Another key aspect of doing this is, back to our old friend, the regulator. Starling Bank is working as a fully licensed bank, so it’s in a regulated industry. Regulators are starting to worry, at least in the United Kingdom, about what they call concentration risk, that is, the risk that everyone is using AWS, and if AWS goes down, everyone goes down. In order to stop that they have tried to get people to move to a more cloud neutral solution. This is a good thing. We need to move to a situation where one cloud provider either disappearing, unlikely as that might be, in all zones, in all regions simultaneously. The way out of that is to make sure that you are running on multiple cloud providers at once.

We started on AWS and our infrastructure was very tied to it, not by design, simply by the fact that that’s how we had started and that was what was practical at the time. The philosophy of rampant pragmatism often demands that you have to go and you have to make sure that you’re doing what’s right at the time, not just trying to push yourself forward to an imagined future where you think things could be better. We decided for those reasons, and the increased speed of delivery that we hope to get under Kubernetes to start migrating onto Kubernetes, and moving in. Once again, we’re trying to keep it fairly simple, fairly vanilla. I’ve been to talks on Kubernetes, where people have rattled off huge lists of tooling, and so on. I couldn’t tell you whether they were reciting lists of Kubernetes tools or Pokémon, I have no idea. There were so many of them, it’s difficult to keep track of. Once again, there is that temptation, let’s grab all the tools, let’s bring all the tools in, without stopping and asking, is this tool going to increase our unnecessary accidental complexity, or decrease it in net sense? Which way is the dial going to move? That’s been Starling Bank’s journey.

Lessons Learned

Various lessons I draw from this on trying to work out where the difference lies between necessary and unnecessary accidental complexity, and how you can tell the difference. One simple way is just doing a cost benefit analysis. If you introduce a new tool, or a new framework, or what have you, are you going to spend more time maintaining that framework than you’re going to save by implementing that framework? It sounds like a simple idea. This is really an exhortation for everyone to stop and think, rather than becoming very excited about new tools and the possibilities that they bring. New tools, new languages, new frameworks can all be very exciting, but are you really going to get more benefit out of it than the cost to maintain it?

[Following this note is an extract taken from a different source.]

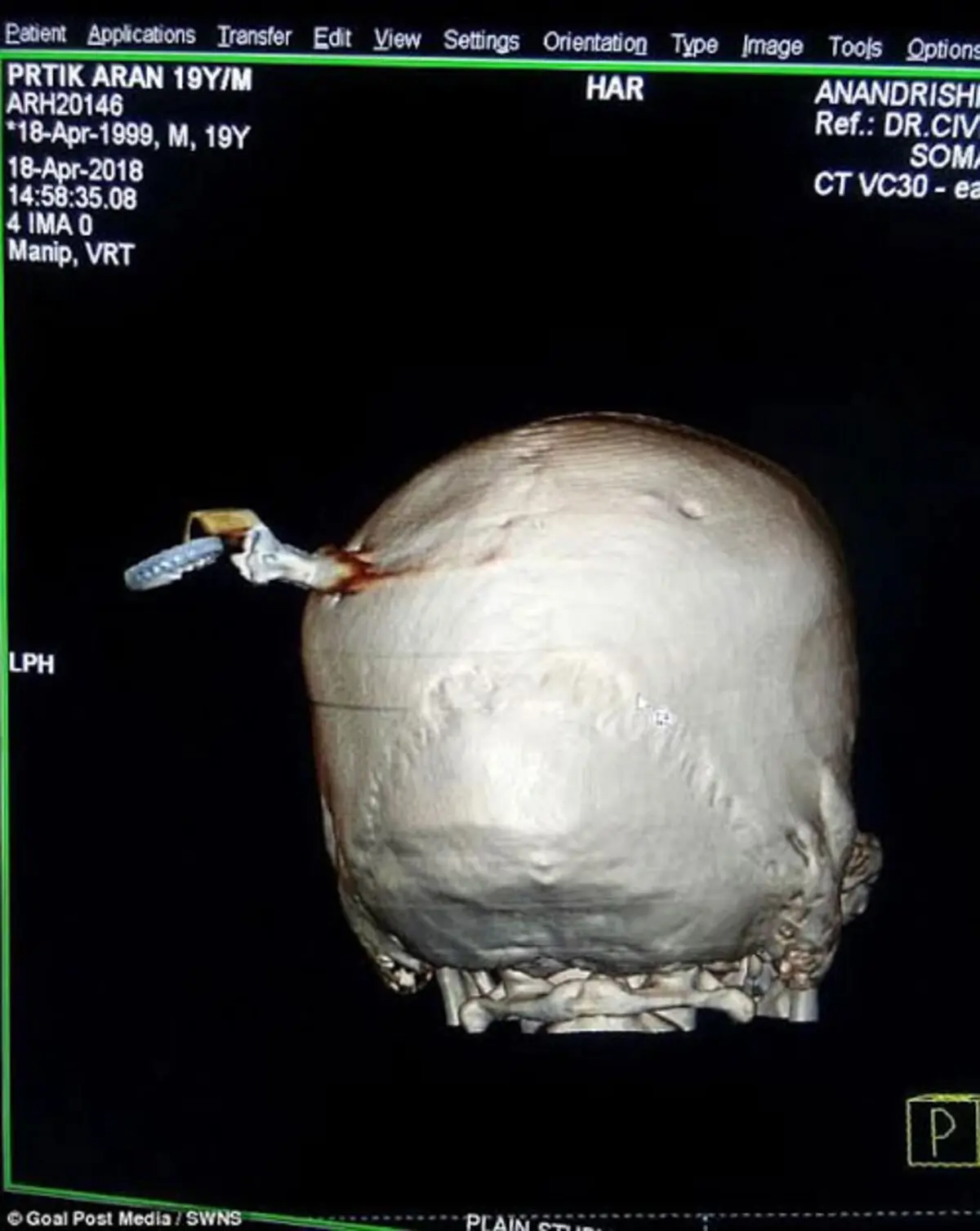 وأجرى الجراحون المصدومون جراحة دامت 3 ساعات ونصف، بعد نقل الشاب البالغ من العمر 19 عامًا من ولاية "ماهاراشترا" الهندية إلى المستشفى، لإزالة مفتاح اخترق جمجمته بعمق بوصتين.

Another point is about onboarding time. The more tools and so on that you introduce, the more complicated frameworks and so on, the longer it takes to get someone up to speed who has just joined your organization. I’d love for there to be some standard tools or standard frameworks, but my experience tells me that there really isn’t. There’s a plethora of different things that people use. Whatever you think is standard, you’ll always be able to find somewhere that doesn’t use that and uses something else. How long does it take you to get someone up to speed? At Starling Bank, we really want our new engineers who join the company to be able to start committing code and have that code running in production within the week that they join. We really want to make sure that they can have an impact on the customer, really change what the customer is seeing very quickly. If we have lots of accidental complexity, it becomes harder to do that. Measuring, how long does it take someone to be productive? How long does it take someone to learn all the tooling? How long does it take to train a new engineer at our company, even if they are experienced as an engineer? A good measure of whether you have introduced too much accidental complexity or not.

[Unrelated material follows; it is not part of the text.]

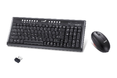 Das Desktop-Set kommuniziert über die 2,4-GHz-Funktechnologie, die sich im Bereich der PC-/Notebookperipherie als unkomplizierte und nahezu störungsunanfällige Verbindung bewährt hat. Ein entsprechender Mini-Empfangsdongle für die USB-Schnittstelle liegt dem Set natürlich bei. Technisch wiederum bietet die Genius solide Kost, wie vom Hersteller gewohnt. Das Keyboard besteht sogar nicht nur aus einem herkömmlichen Standard-Tastenset, sondern verfügt darüber hinaus über 12 Sondertasten, über die sich Mediaplayer steuern sowie E-mail- und Internetprogramme sowie Windows-Funktionen schnell und unkompliziert aufrufen lassen.

Of course, there is the big one, which is, how long does it take you to actually fix a problem? If something goes wrong, and the customer is facing a problem, trying to scroll through the endless tools and going, is it this tool? Is it something in our CI/CD pipeline? Is it a code bug? Is it something to do with our security? Walking through all of these different things can be long enough if you’ve got loads of tools, and loads of different things, and loads of different frameworks and so on, walking through all of them to try and work out where the bug is, could take ages. The more accidental complexity you introduce through this tooling, the longer it’s going to take you to actually fix something when it goes wrong, and deploy it and get it out and working. Those are my lessons I have learned. I encourage you all to think about essential and accidental complexity, and then your necessary and unnecessary accidental complexity, and see if you can pragmatically reduce down your unnecessary accidental complexity to as low as possible.

Questions and Answers

Watson: Why would you pick that language? Is it still pertinent today?

Maude: There are a number of reasons. A lot of people go, why Java? Java is like 30 years old almost at this point. One of the answers is because it’s 30 years old at this point. It’s been around for 30 years, and it’s still around. It’s still working. That gives us the reliability aspect that we need. Also, it’s really easy to hire people who can code in Java, and the ability to have a good recruitment pipeline, an easy recruitment pipeline is a good thing. That’s a positive thing. Again, something that increases our reliability, and so on. You should be able to find out the talks I’ve done at QCon in the past about why reliability is so important to us, and how we insure it. That’s one aspect of it.

Watson: I know that at a former company I was at, one of the benefits of Java was people could use Clojure, Scala, like a lot of the base RPC language libraries could be common. I’m in a company now that has five languages and it’s unpleasant, just to be clear.

Was there a decision made early on you would deploy services as a monolith? Are these microservices tightly coupled or loosely coupled on your end?

Maude: They are reasonably loosely coupled by now, mainly because they have very distinct jobs as it were. This distinctness of job means that the coupling is as loose as we can make it, as proper as we can make it. We know whose responsibility storing a customer’s address, for example, is. If we got a new piece of personal information about the customer, we know exactly which service to store it in, and exactly what the API should look like to transfer it out. They’re relatively loosely coupled. We know under the covers that service can just constantly churn as much as it likes, because as long as it keeps fulfilling its contract, we’re happy with it. I’m happy with the level of coupling we have.

Watson: I saw Alejandro picked up on YAGNI, you aren’t going to need it, like the pragmatism. I think people connected with that. I don’t know if you have anything you want to say on that.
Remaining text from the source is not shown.